In Figure 9.5 , the values of P _d measured in microvascular beds of skeletal muscle and single mesenteric microvessels to some small water soluble solutes have been plotted against solute molecular radius. In mesenteric capillaries, values for P _d to the smallest molecules and ions (e.g., Na ⁺ , K ⁺ , urea) are ten times greater than values of P _d for the same solutes in muscle capillaries. To make the comparison easier, both the P _d values and values for molecular radius are shown on logarithmic scales. The decline of P _d with molecular radius for both types of microvessel is much greater than the decline of diffusion coefficient ( D ) for the same molecules in open aqueous solution. The more rapid decline of P _d can be accounted for if molecules were diffusing through water-filled channels whose widths were comparable to their own diameters. The smooth curves, which have been fitted to the data, converge as molecular radius increases. If the channels were cylindrical pores, the convergence implies that the radii of the pores is very similar in mesenteric and muscle capillaries, but there are ten times more pores penetrating per unit area of the walls of mesenteric capillaries than of muscle capillaries. The value of molecular radius at which the curves intersect provides an estimate of the pore radius – in this case between 3.5 and 4 nm.

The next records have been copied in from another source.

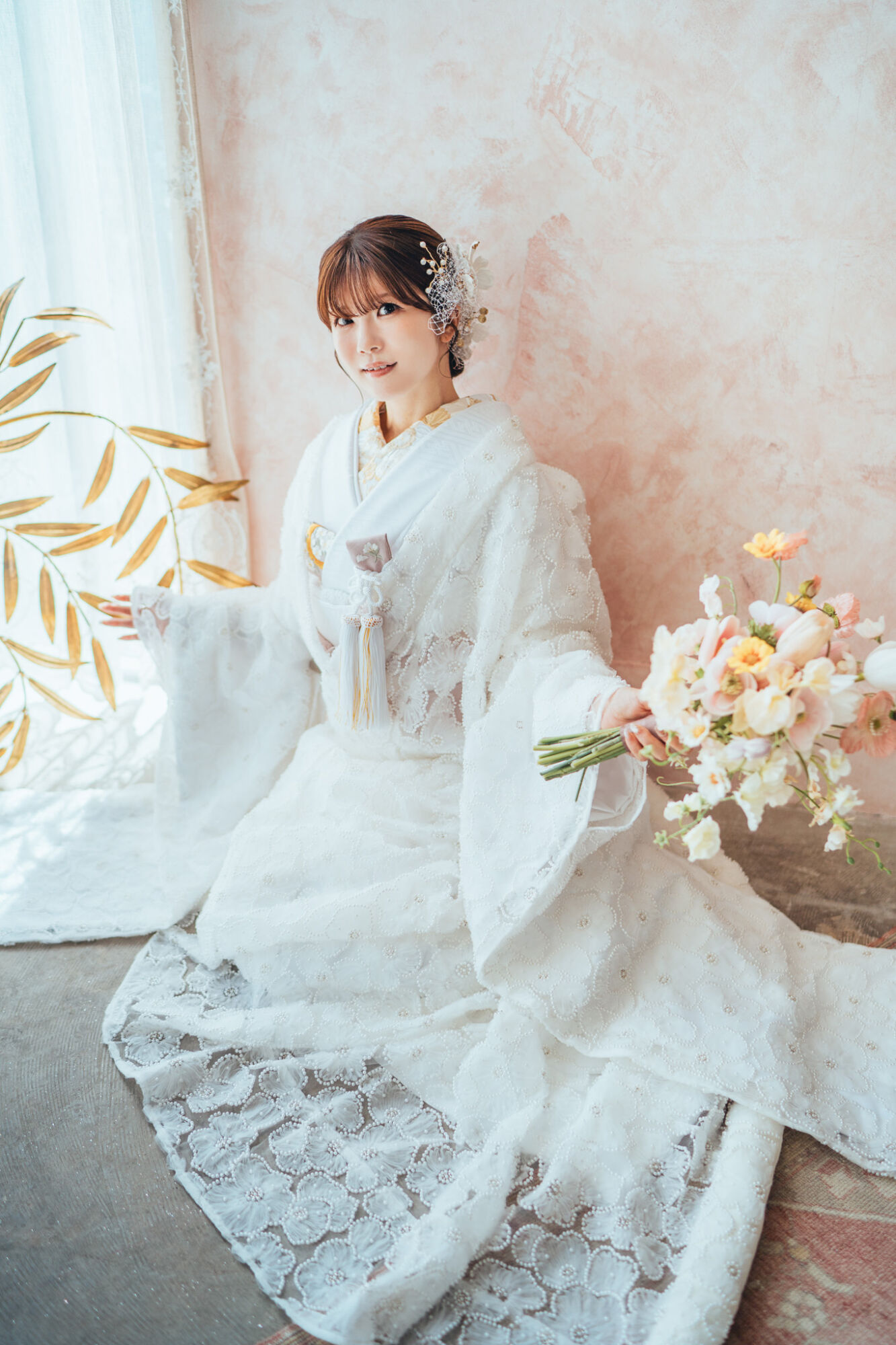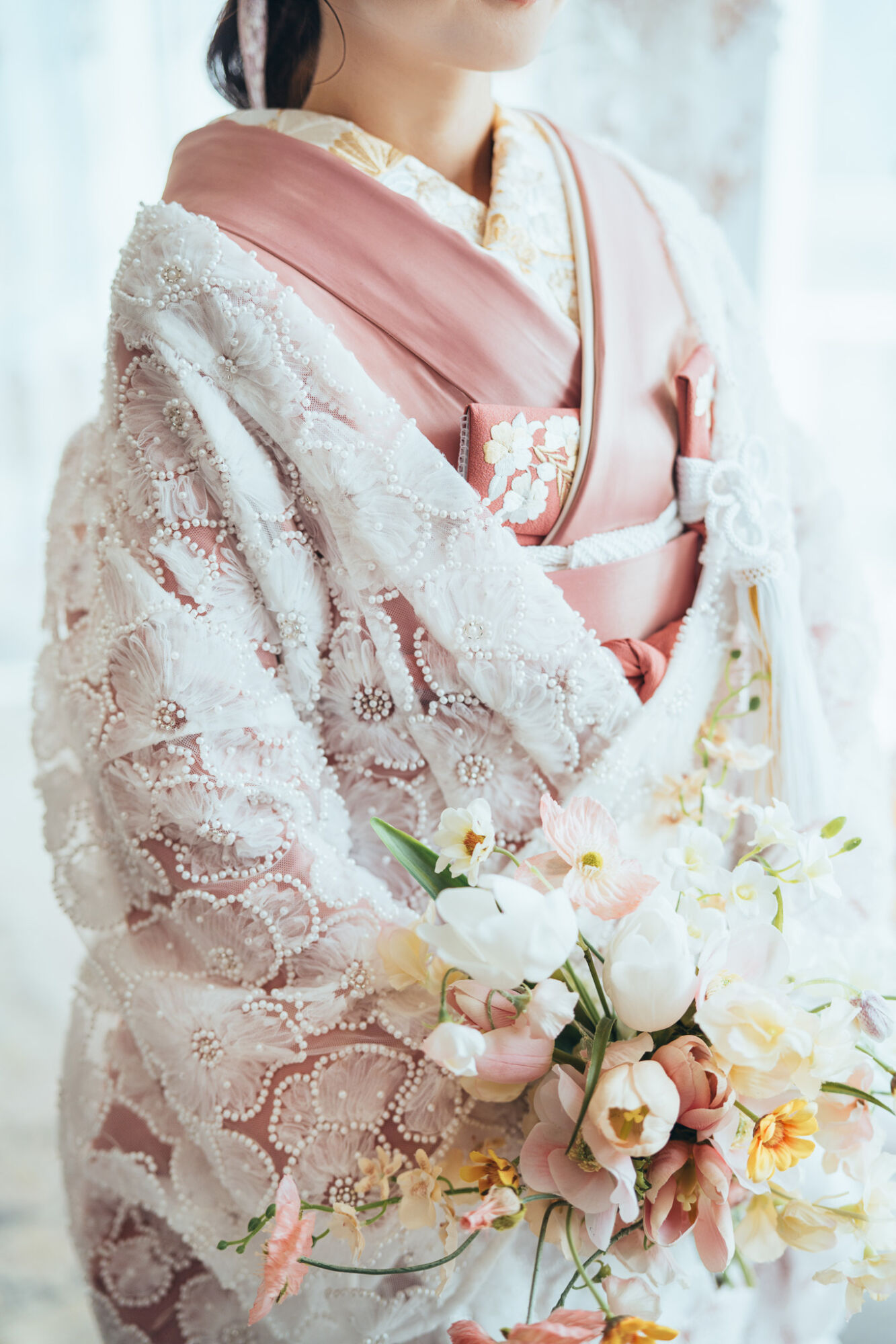 ほんのり薄い桃色が上品に花嫁を包み込みます。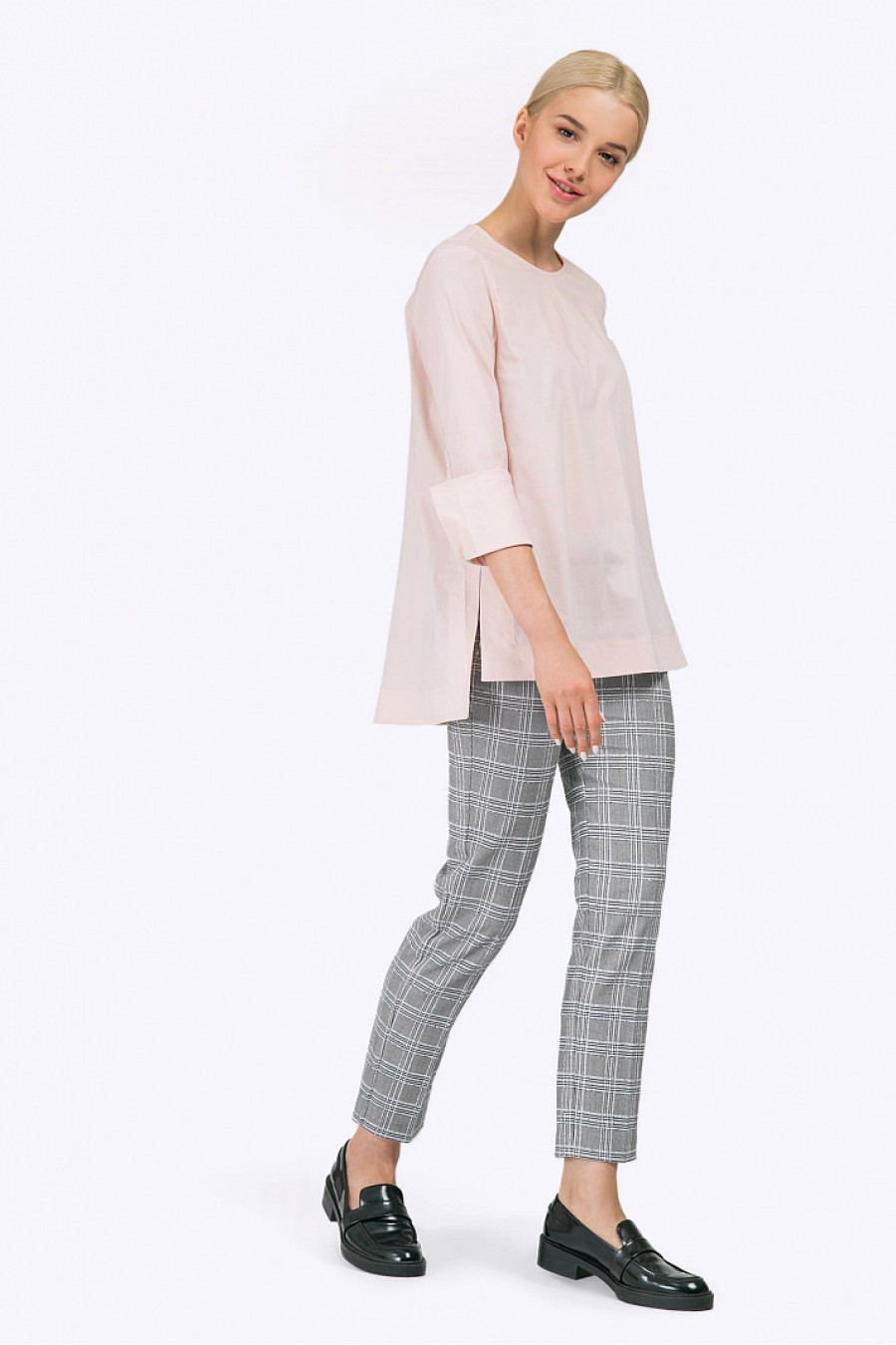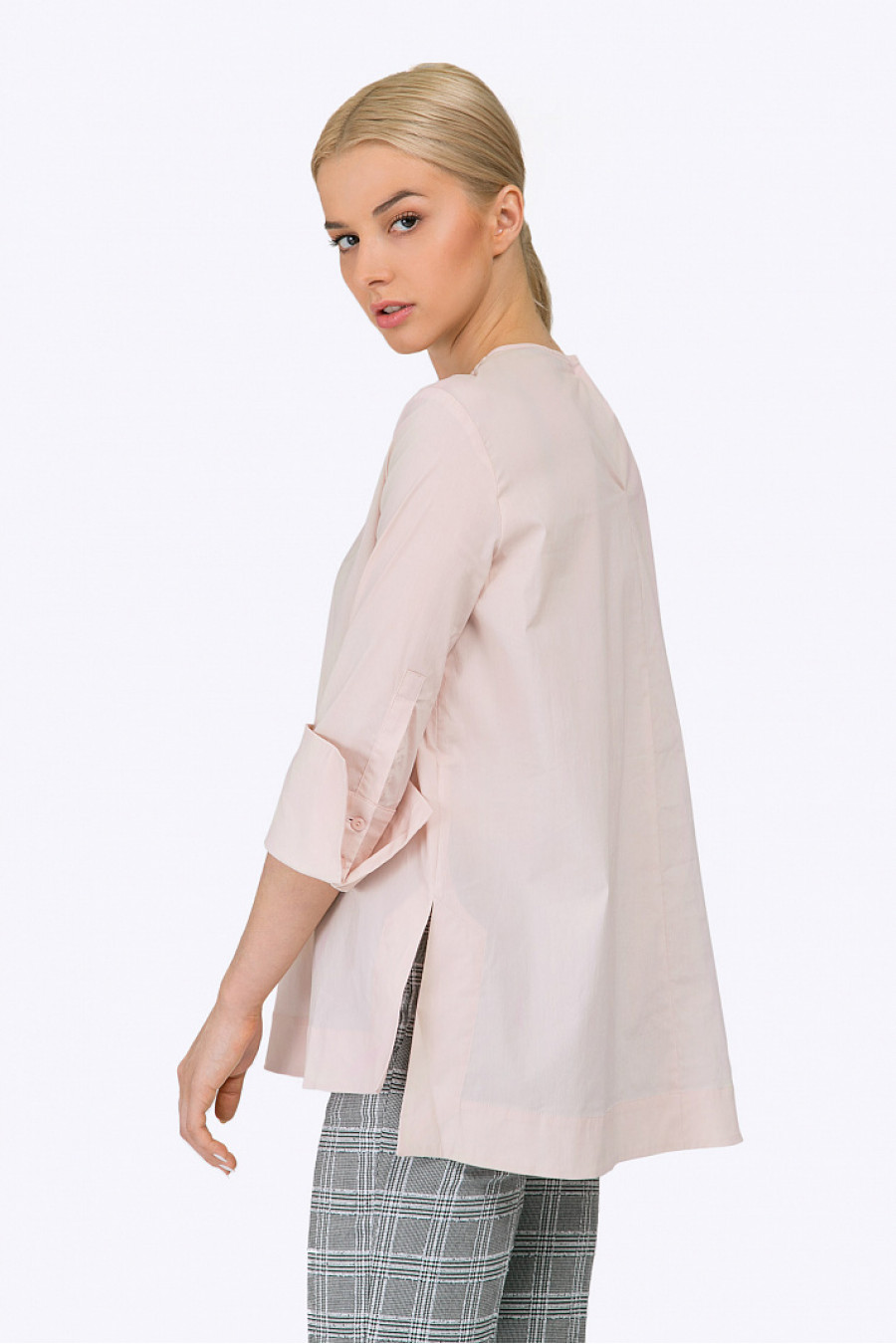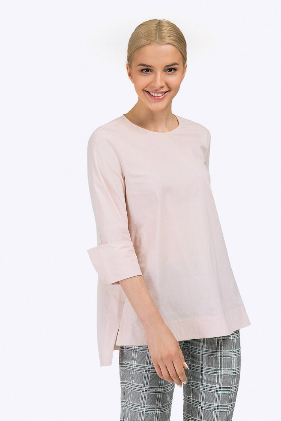 Легкая эстетичная блуза неотразимогооттенка не оставит равнодушными поклонниц восточного минимализма. Изысканный фасон с японскими мотивами придаст стильную элегантность любому современному look-у. Трендовый в этом сезоне ассиметричный подол и манжеты, - подчеркнут актуальность образа. Со светлыми лаконичными брюками или прямой юбкой-макси из богатой ткани - модель идеальна для романтичной вечерней прогулки в летнюю ночь. Блуза будет отлично смотреться на блондинках и золотоволосых. Мягкая смесовая ткань с большим содержанием хлопка приятна в носке и проста в уходе. Образ на фото дополнен брюками D047-invidia .Рост фотомодели 176 см.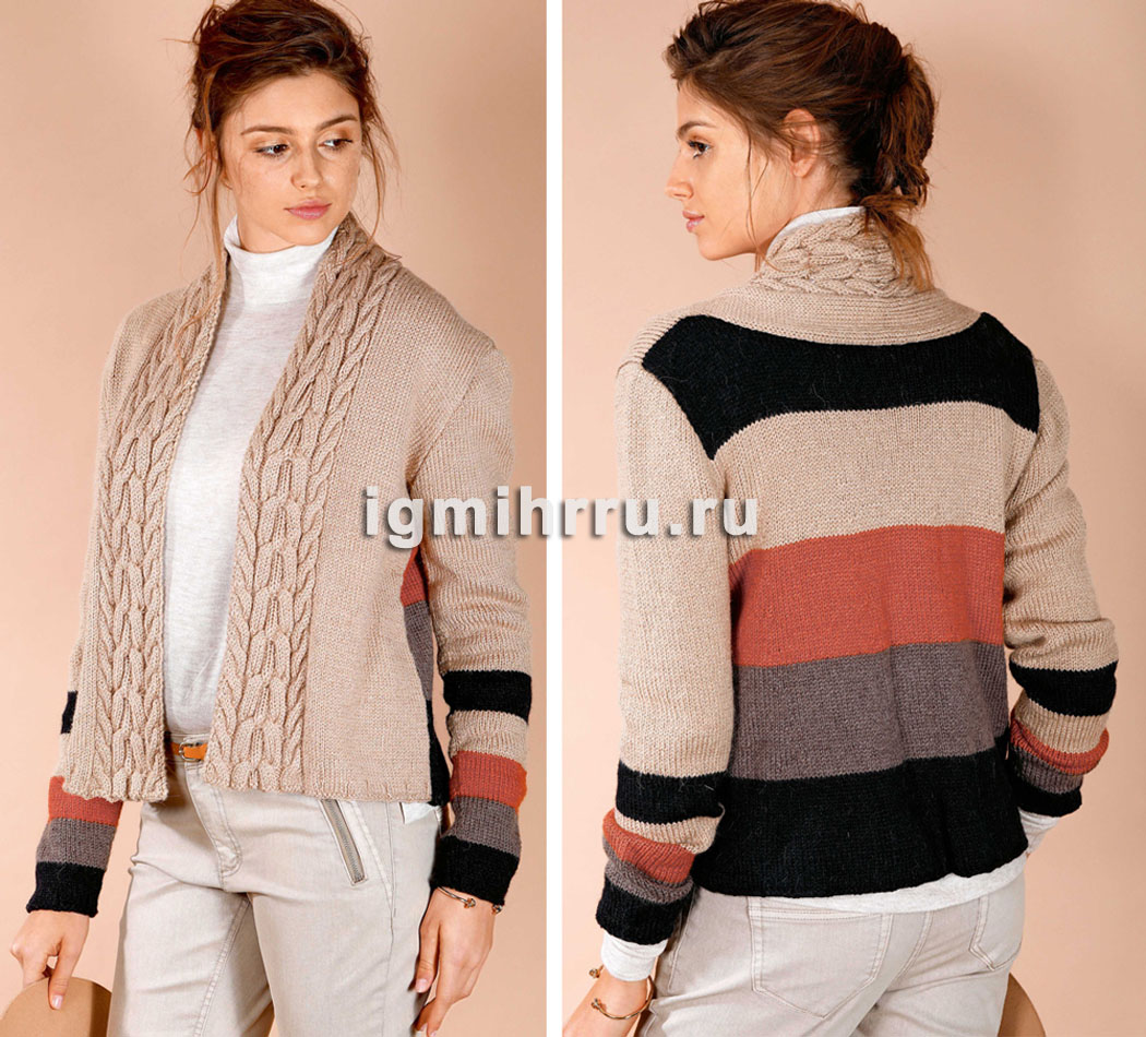 Эффектный жакет с полосами и «косами». Вязание спицами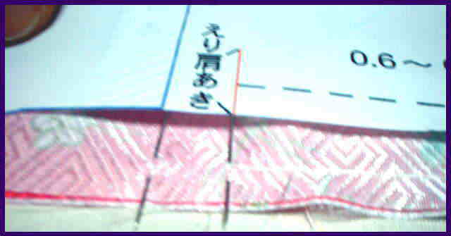 おくみと前身ごろE、F おくみと前身ごろにある、白い線を基準にして待針を打つ。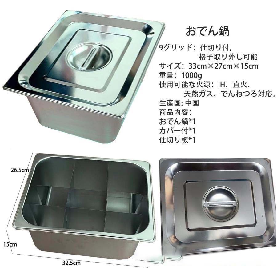 おでん鍋 IH対応 角 仕切り鍋 業務 おでん鍋+蓋+仕切り おでん鍋ハンドル付き+蓋+仕切り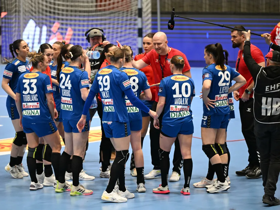 Handbalistele valcene la un timeout alaturi de antrenorul lor Rasmus Rygard Poulsen in meciul de handbal feminin dintre SCM Ramnicu Valcea si Ikast Handbold, contand pentru EHF European League, desfasurat in sala Traian din Ramnicu Valcea, duminica 19 ianuarie 2025. © FOTO:Razvan Pasarica/SPORT PICTURES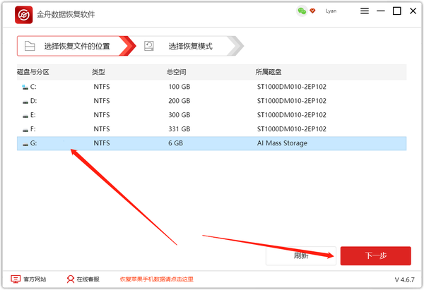 平时在使用u盘、SD卡或者移动硬盘等设备时,由于某种操作不当,插入电脑时,会有“磁盘G:未被格式化”的提示;系统要求进行磁盘格式化,如果磁盘中有重要的数据就不能随便格式化,下面来看看如何利用该软件恢复磁盘数据,只需要简单几步就可以实现,下面是详细的操作步骤,希望能帮到你们!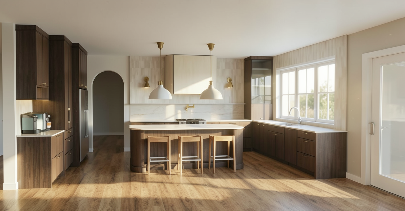 create and orthographic realistic floor plan with furniture and decorating in this entire home cutaway only 5 off the floor no railing on front porch and round columns on rear porch show details of floor plan show furniture on front and rear porches create a realism photo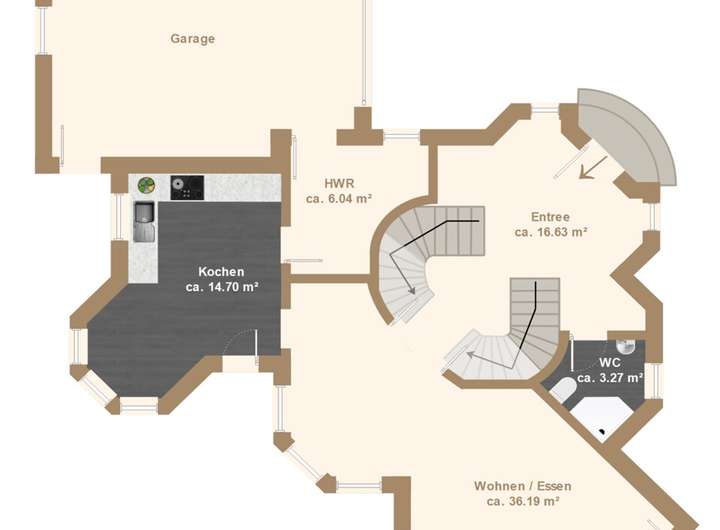 + repräsentativer Empfangsbereich mit eindrucksvoller Doppeltreppe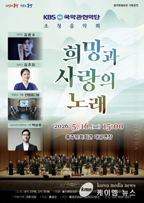 (케이엠뉴스) 홍성군 홍주문화회관은 오는 5월 16일 오후 3시, 가정의 달 특별 기획으로 'KBS국악관현악단 초청음악회 - 희망과 사랑의 노래'를 무대에 올린다.
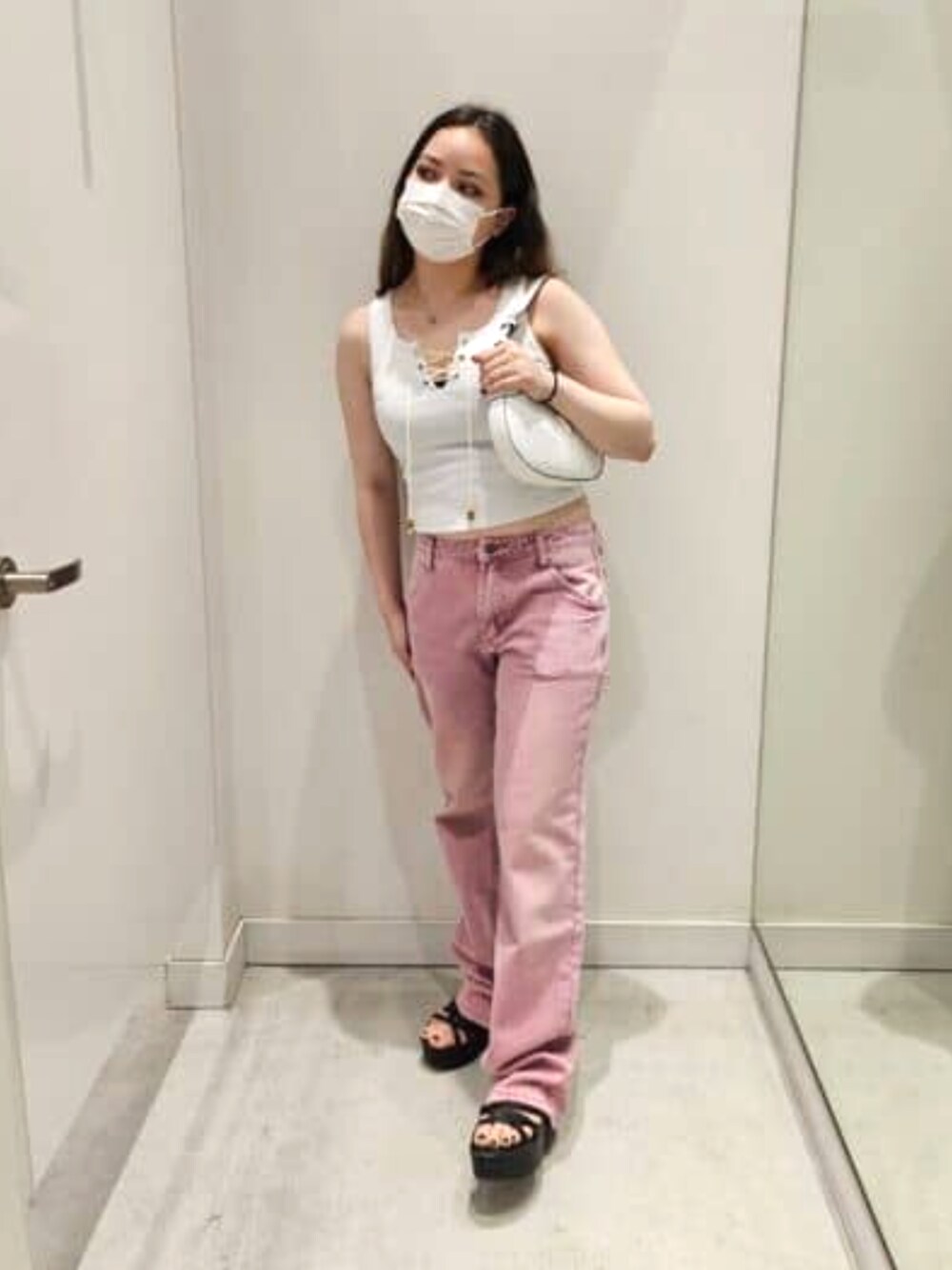 タンクトップの丈が長いのでローライズのデニムなどと合わせるのがオススメです。シンプルなタンクトップなのでデニムと合わせてかわいいシンプルコーデで決まり! デニムはカーペンターで後ろがかわいいです! ピンクのデニムなのでシンプルなトップスと合わせるのがオススメです。いつもよりサイズ大きめに履くのもかわいい! ハンドバッグはシンプルで何でも合わせやすいです。 夏はやっぱり白のバッグ! 2Wayなので斜め掛けもできます。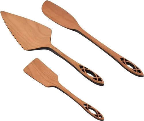 Pregunta sugerida sobre American Made - Juego de utensilios de postre de madera de cerezo silvestre de 3 piezas, colección de la catedral: servidor de pastel, palo ¿Qué incluye exactamente este set?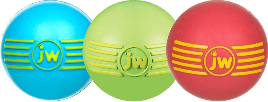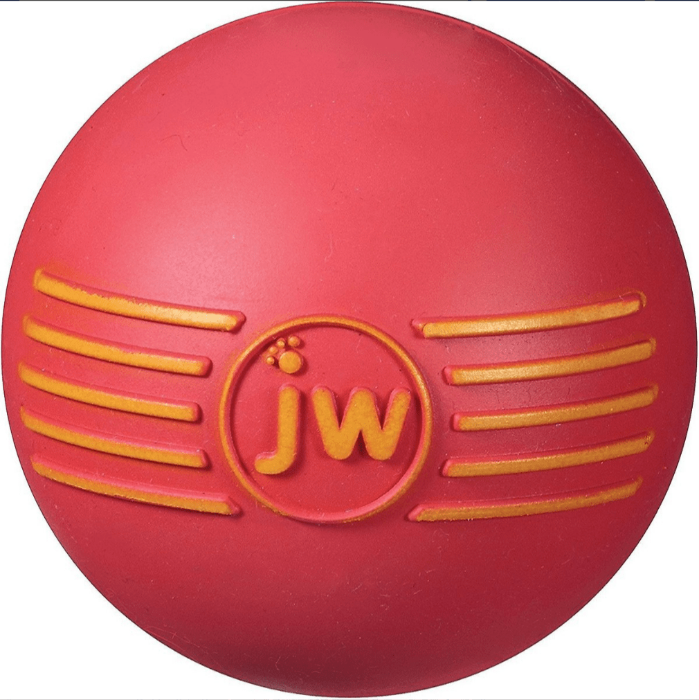 JW Pet iSqueak Rubber Ball is made of thick-walled heavy duty rubber and finished with a long-winded squeaker.

Figure 9.5, Relations between the logarithms of P d and molecular radius for small to intermediate sized hydrophilic solutes in capillaries of frog mesentery (filled circles) and cat skeletal muscle (filled triangles).

This pattern of declining P _d to small hydrophilic solutes with increasing molecular diameter is seen in all microvessels where it has been sought, and curves based on the theory of diffusion through pores of radii between 3.5 nm–5 nm can be fitted to these data.

The values of P _d to a particular small hydrophilic solute (e.g., Na ⁺ , K ⁺ , sucrose, and inulin) in different microvascular beds correlate with the values of hydraulic permeability ( L _P ). This is shown in Figure 9.6 , where each point represents the mean value of L _P plotted against the mean value of P _d to Na ⁺ or K ⁺ in the same microvessel or microvascular bed, different points representing values for vessels in different tissues. The data have been plotted on logarithmic scales so that values covering two orders of magnitude can be compared. The slope that has been drawn through the points has been given a value of unity, to indicate that direct proportionality is a reasonable description of the relationship. The correlation is strong circumstantial evidence for believing that the same pathways through the endothelium serve both for the rapid exchange of small hydrophilic solutes, and for most net fluid movements. Furthermore, because Na ⁺ ions are likely to follow an extracellular route, it seems likely that this shared pathway is extracellular. This line of reasoning is greatly strengthened by the demonstration of similar linear correlations between L _P and P _d values for other extracellular solutes, such as sucrose and inulin in different microvascular beds.

Figure 9.6, Variations in L P and P d to small ions (Na + and K + ) in different microvascular beds.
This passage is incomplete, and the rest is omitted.